I enjoy the thrill of driving fast. Taking curves with the grace and velocity (well, almost) of NASCAR drivers is one of my weaknesses. I know, however, that if I were to whiz by a police car, on one such wild joyride, the fun would abruptly come to an end. This is because the prospect of paying the hefty fine with which the officer would surely levee against me is a no-fail fun-slayer. In fact, I find that the risks outweigh the benefits, so most of the time I concede to go the speed limit.
P.J. O’Rourke ‘There’s only one basic human right, the right to do as you dang well please. And with it comes the only basic human duty, the duty to take the consequences.’
This concept applies to just about everything in life, including premarital sex. Whether practicing ‘safe’ sex or not, sexual activity, especially outside marriage is a risky and potentially stressful behavior.

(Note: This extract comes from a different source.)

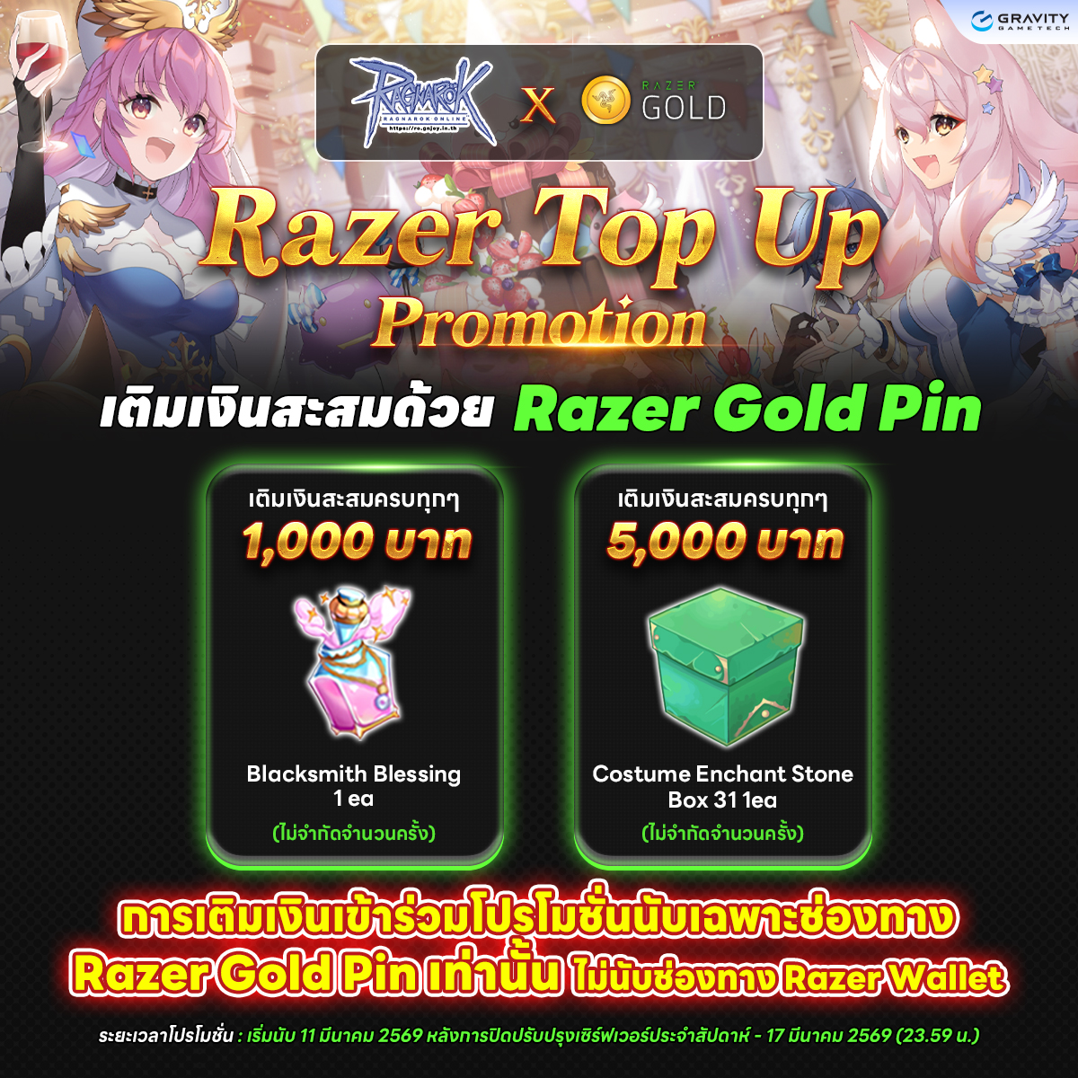 1. โปรโมชั่นเติมเงินสะสมด้วยบัตร Razer Gold Pin ภายในระยะเวลาที่กำหนดเท่านั้น (เริ่มนับ 11 มีนาคม 2569 หลังการปิดปรับปรุงเซิร์ฟเวอร์ประจำสัปดาห์)

Typically, people who engage in premarital sex are more likely to have multiple partners and be at a higher risk for sexually transmitted diseases as well as becoming likely candidates for abortions if pregnancies do occur. Without the support system a marriage provides, having a child is a daunting prospect, particularly for younger women.

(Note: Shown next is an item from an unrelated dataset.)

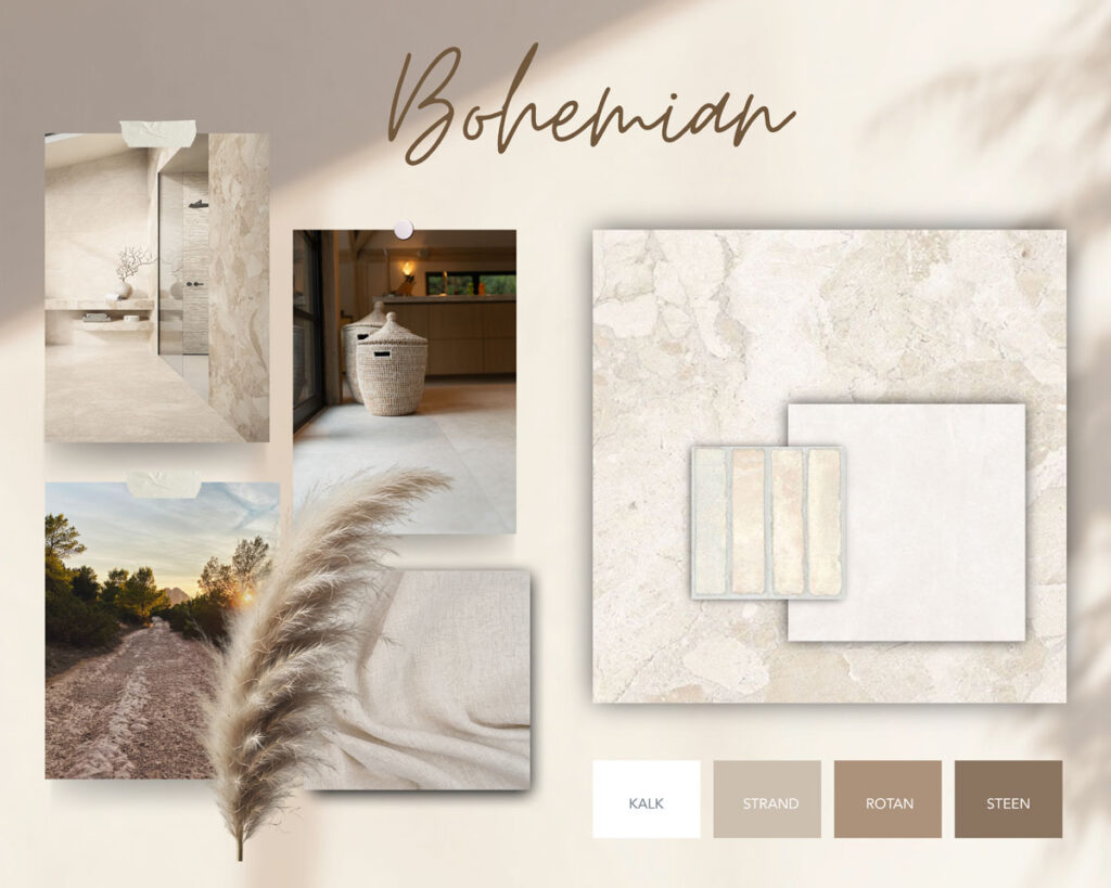 Een vleugje Ibiza, een snufje vintage en altijd die relaxte sfeer. Het Bohemian moodboard draait om textuur, gelaagdheid en contrast maar altijd zonder schreeuwerige kleuren of strakke lijnen. Denk aan verweerde houtsoorten, linnen gordijnen, rotan accessoires en natuurlijk keramische tegels die warmte en karakter toevoegen. Combineer verschillende formaten, speel met structuur en laat je gevoel het werk doen. Alles mag, zolang het maar klopt voor jou.

Although, for some who have unplanned pregnancies, alternatives such as abortion and the ‘morning after pill’ seem to be the perfect solution. Recent events, however, may raise some issues with the abortion pill RU-486, otherwise known as the ‘morning after pill.’
Holly Marie Patterson died on September 17, a mere two weeks after her eighteenth birthday, and in her seventh week of pregnancy. She kept her condition a secret from everyone except her boyfriend and opted for the ‘easy way out.’ She chose to take the RU-486 abortion pill. Her death was attributed to massive septic shock as the result of an incomplete abortion.
Miss Patterson didn’t think about the risks, however, when she opted to abort her unborn child. Realistically, why would she? The drug is promoted as a safe and effective way to end pregnancy. It is taken orally and doesn’t involve surgery, which makes it a very attractive option, especially to a young girl who feels like she would be giving up her life by having a child.
Personally, I disagree with abortion. The distinction between abortion by surgery or through the use of an abortion drug is irrelevant to me. Put in Holly’s situation, I admit, I might feel tempted. That is, before hearing about Holly Patterson’s tragic death. Maybe, I was out of the loop, but I suspect the ill effects associated with ‘morning after pill’ are drastically underreported.
Here are some details about the pill that I think women ought to know. RU-486 was developed in France in the Eighties. The RU-486 method actually employs two synthetic hormones, rather than one, (with the generic names of mifepristone and misoprostol) to chemically induce abortions in women five-to-nine weeks pregnant.Some quick and dirty facts about the RU-486 abortion pill: Its cost varies between
$300 and $400, roughly the same price range as a surgical abortion. Clinical trials have shown the drug is effective in only 92 percent of cases. In the other 8 percent, women needed surgery to control heavy bleeding or to finish an incomplete abortion. RU-486 can be given only in the first 49 days after a woman’s last menstrual period.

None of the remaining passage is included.